Beginning with the line where "Cuaderno espiral liderpapel" appears, restate each line word for word until the data ends. Pictures do not go in.

BEGIN

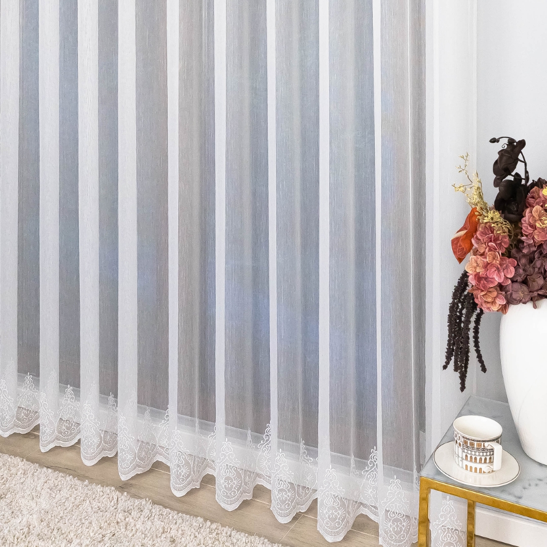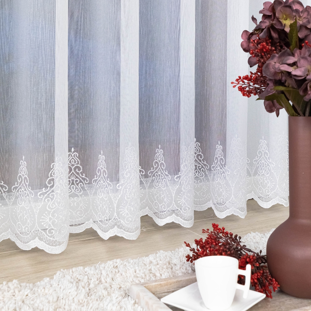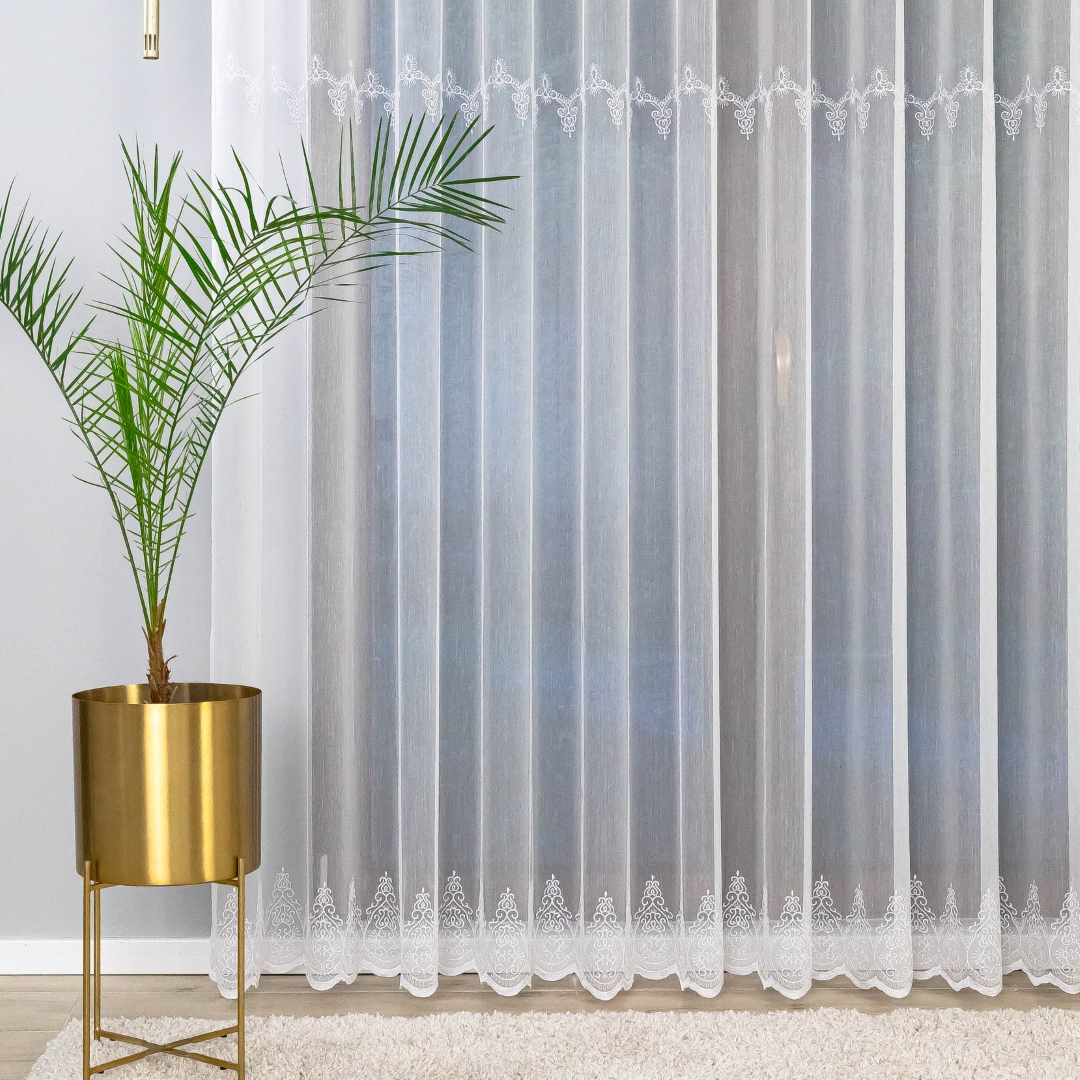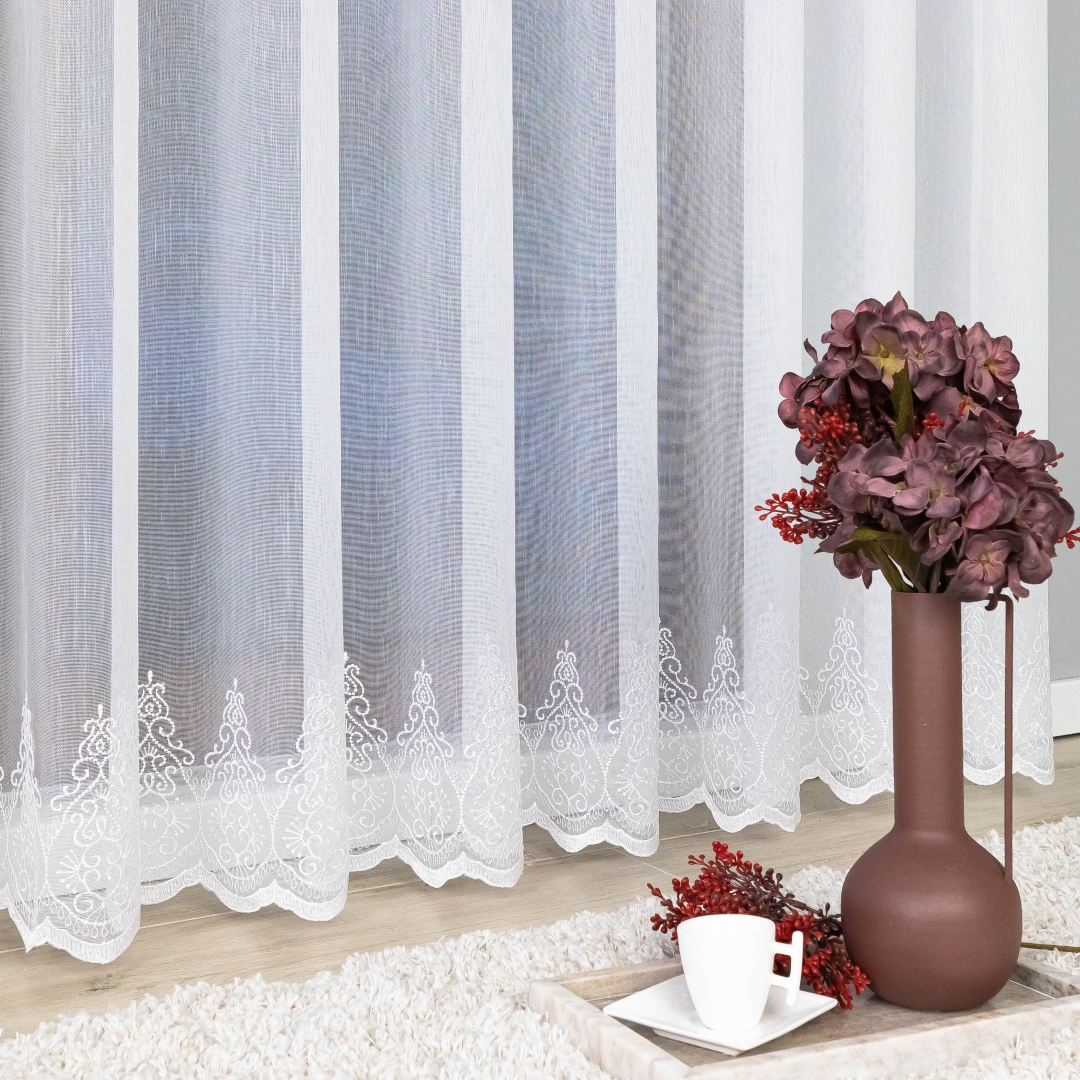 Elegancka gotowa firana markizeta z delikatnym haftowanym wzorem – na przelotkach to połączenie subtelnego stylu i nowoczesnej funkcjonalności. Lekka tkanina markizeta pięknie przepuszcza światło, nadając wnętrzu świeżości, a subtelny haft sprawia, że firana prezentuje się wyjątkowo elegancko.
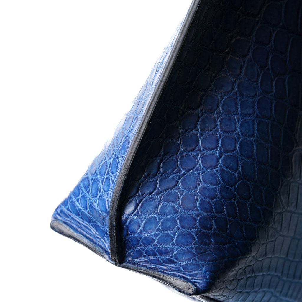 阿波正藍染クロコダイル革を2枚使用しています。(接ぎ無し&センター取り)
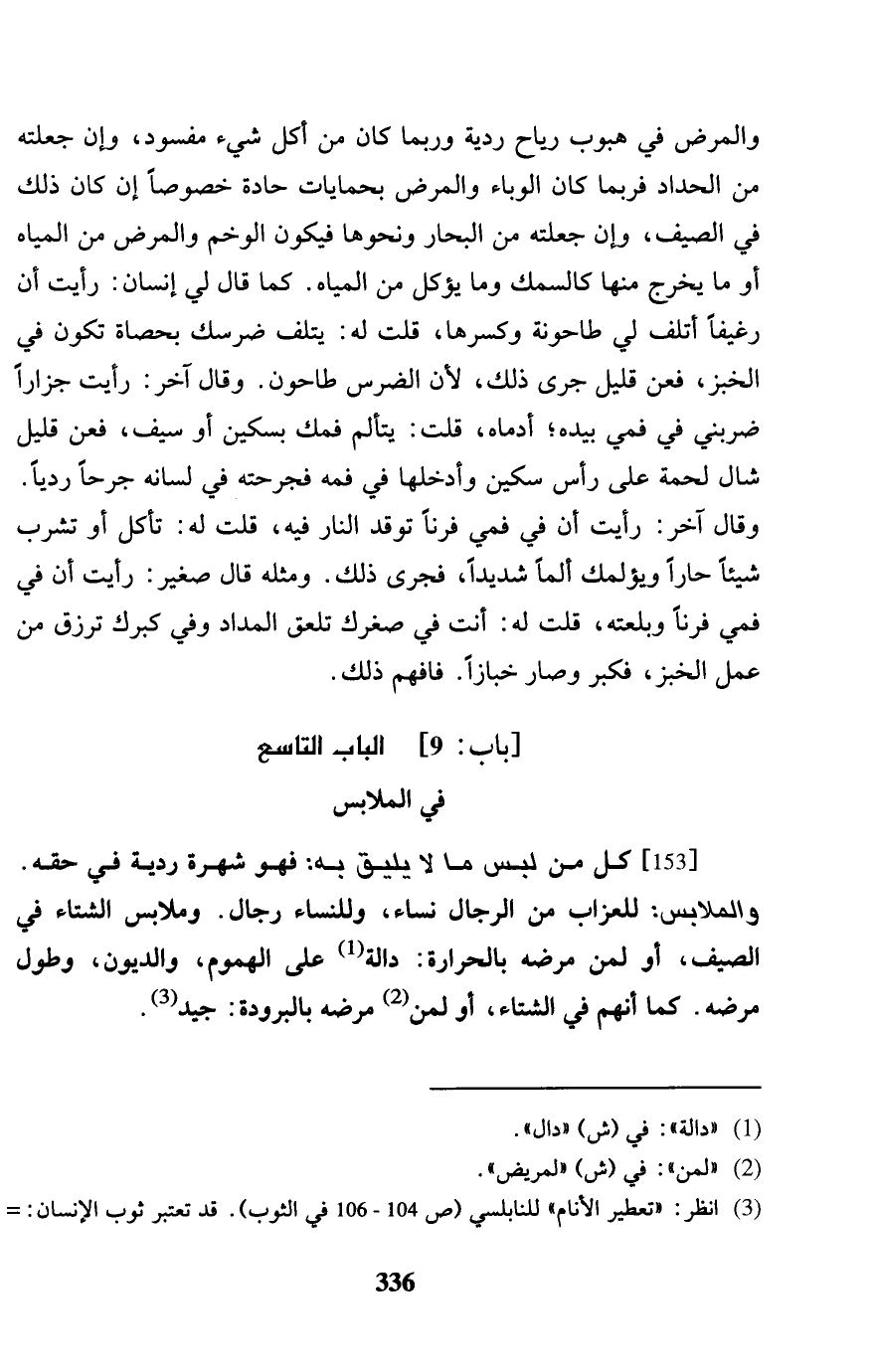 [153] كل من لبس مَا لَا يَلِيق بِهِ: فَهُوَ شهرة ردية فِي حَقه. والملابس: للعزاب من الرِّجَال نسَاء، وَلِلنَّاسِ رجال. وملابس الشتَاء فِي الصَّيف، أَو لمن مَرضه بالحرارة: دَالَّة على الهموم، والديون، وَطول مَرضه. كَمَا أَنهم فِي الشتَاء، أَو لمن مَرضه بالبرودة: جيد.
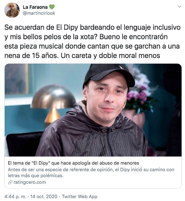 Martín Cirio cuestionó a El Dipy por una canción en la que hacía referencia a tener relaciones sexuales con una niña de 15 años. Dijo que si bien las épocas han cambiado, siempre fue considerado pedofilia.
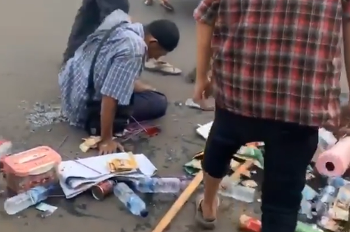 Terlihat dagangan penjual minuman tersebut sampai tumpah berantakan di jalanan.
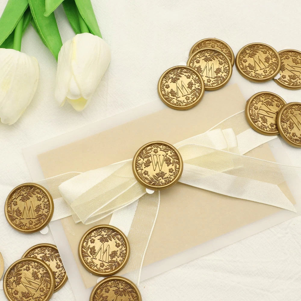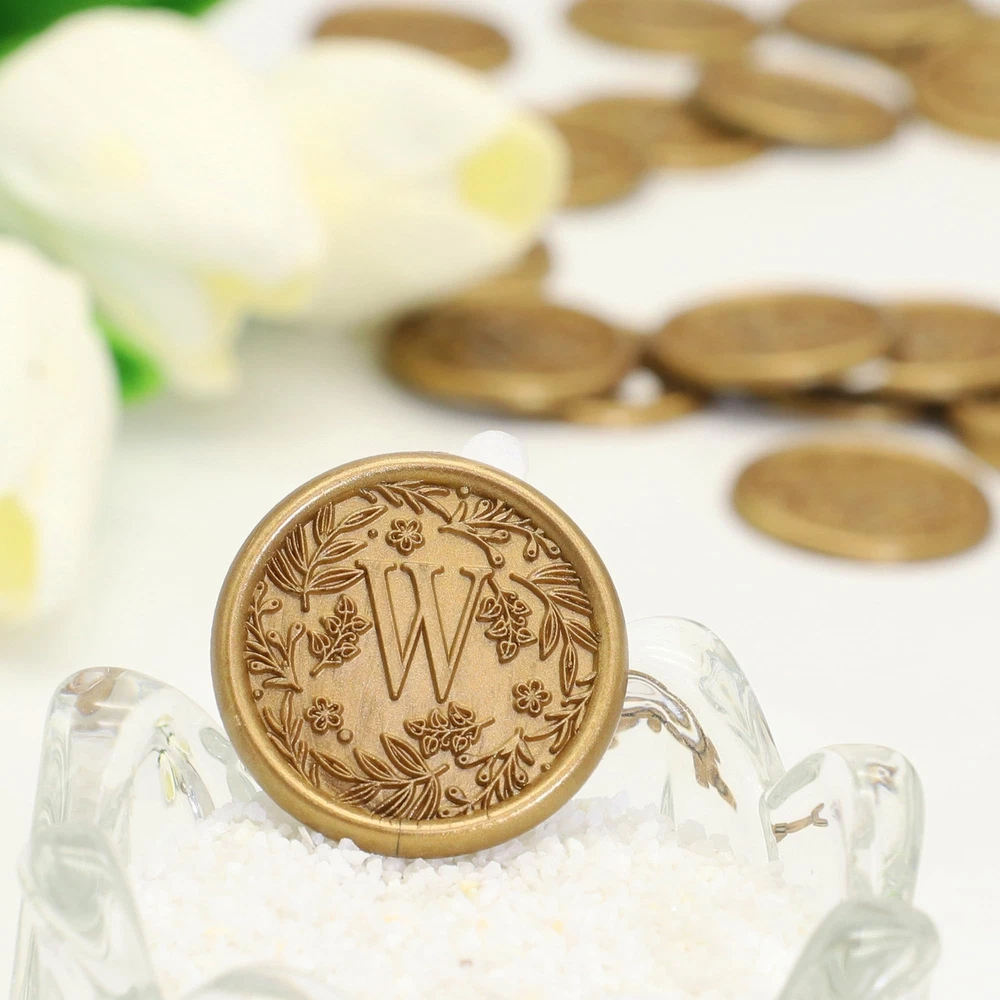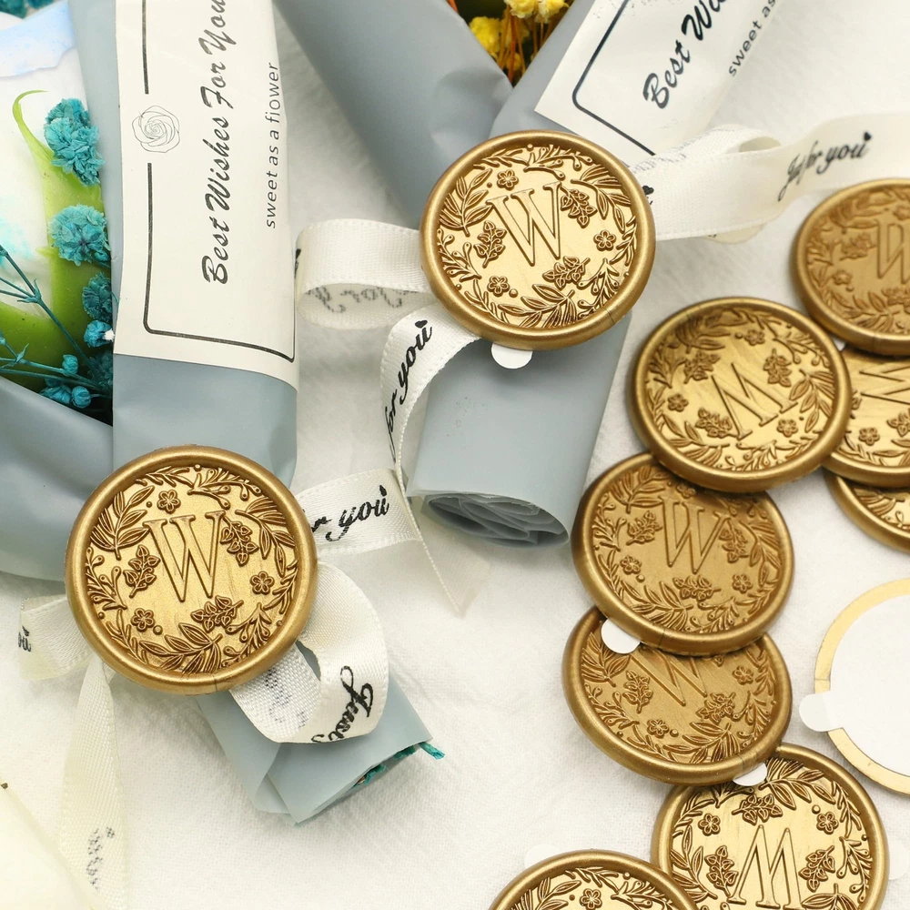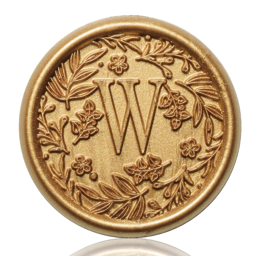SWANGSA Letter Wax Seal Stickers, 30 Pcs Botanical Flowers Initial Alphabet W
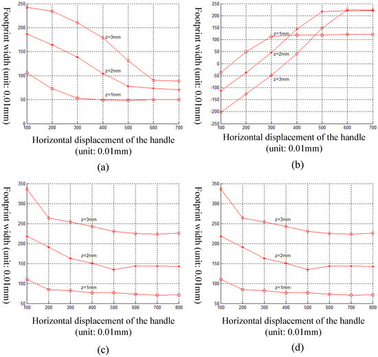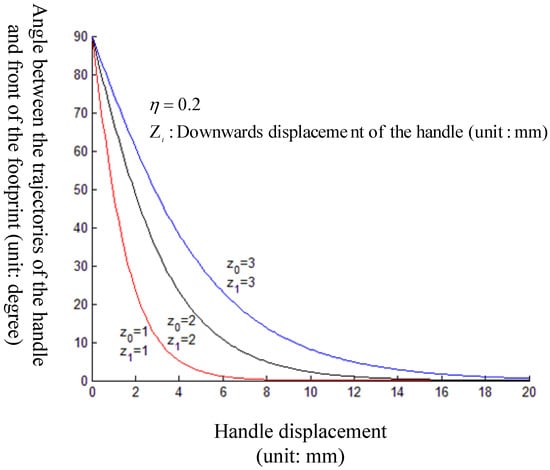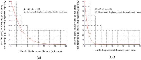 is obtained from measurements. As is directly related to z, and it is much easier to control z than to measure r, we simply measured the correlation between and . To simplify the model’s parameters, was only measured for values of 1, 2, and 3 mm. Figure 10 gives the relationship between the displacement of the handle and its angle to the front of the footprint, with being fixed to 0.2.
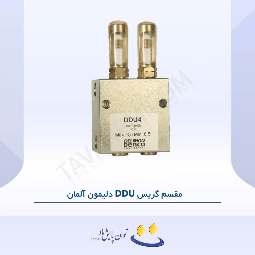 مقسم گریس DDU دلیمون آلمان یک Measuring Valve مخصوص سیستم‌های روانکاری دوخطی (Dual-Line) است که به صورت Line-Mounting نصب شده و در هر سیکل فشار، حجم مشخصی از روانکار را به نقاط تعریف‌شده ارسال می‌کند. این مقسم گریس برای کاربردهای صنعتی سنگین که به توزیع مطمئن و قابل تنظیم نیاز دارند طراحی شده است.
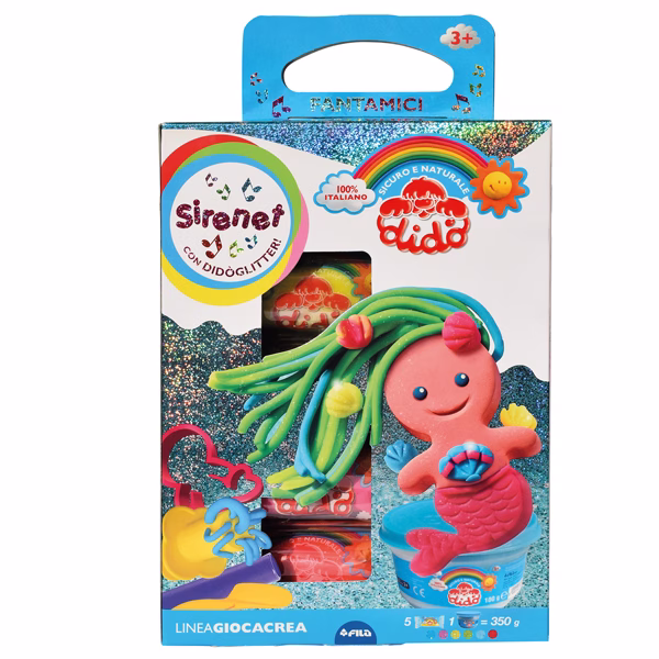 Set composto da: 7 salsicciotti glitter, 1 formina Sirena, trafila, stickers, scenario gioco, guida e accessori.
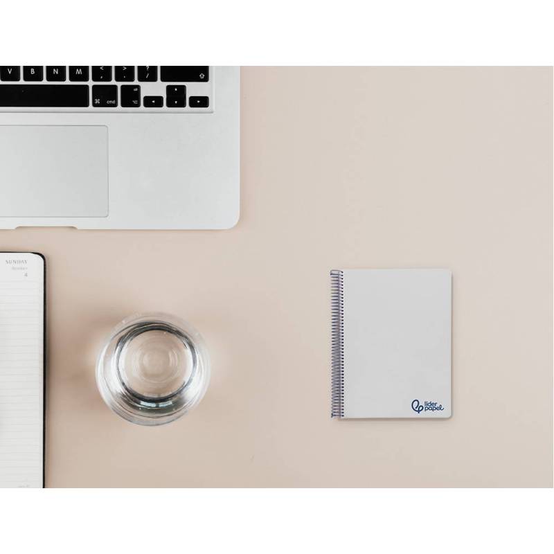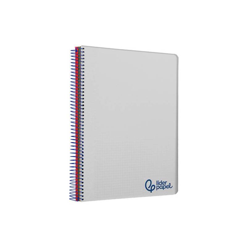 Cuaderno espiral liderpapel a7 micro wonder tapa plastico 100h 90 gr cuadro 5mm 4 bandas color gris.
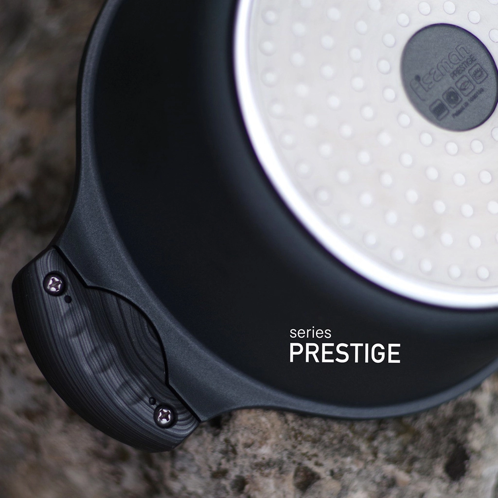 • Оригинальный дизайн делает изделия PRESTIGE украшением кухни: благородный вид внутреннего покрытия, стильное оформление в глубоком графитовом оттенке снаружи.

END

Exercise answer:
 Cuaderno espiral liderpapel a7 micro wonder tapa plastico 100h 90 gr cuadro 5mm 4 bandas color gris.
 • Оригинальный дизайн делает изделия PRESTIGE украшением кухни: благородный вид внутреннего покрытия, стильное оформление в глубоком графитовом оттенке снаружи.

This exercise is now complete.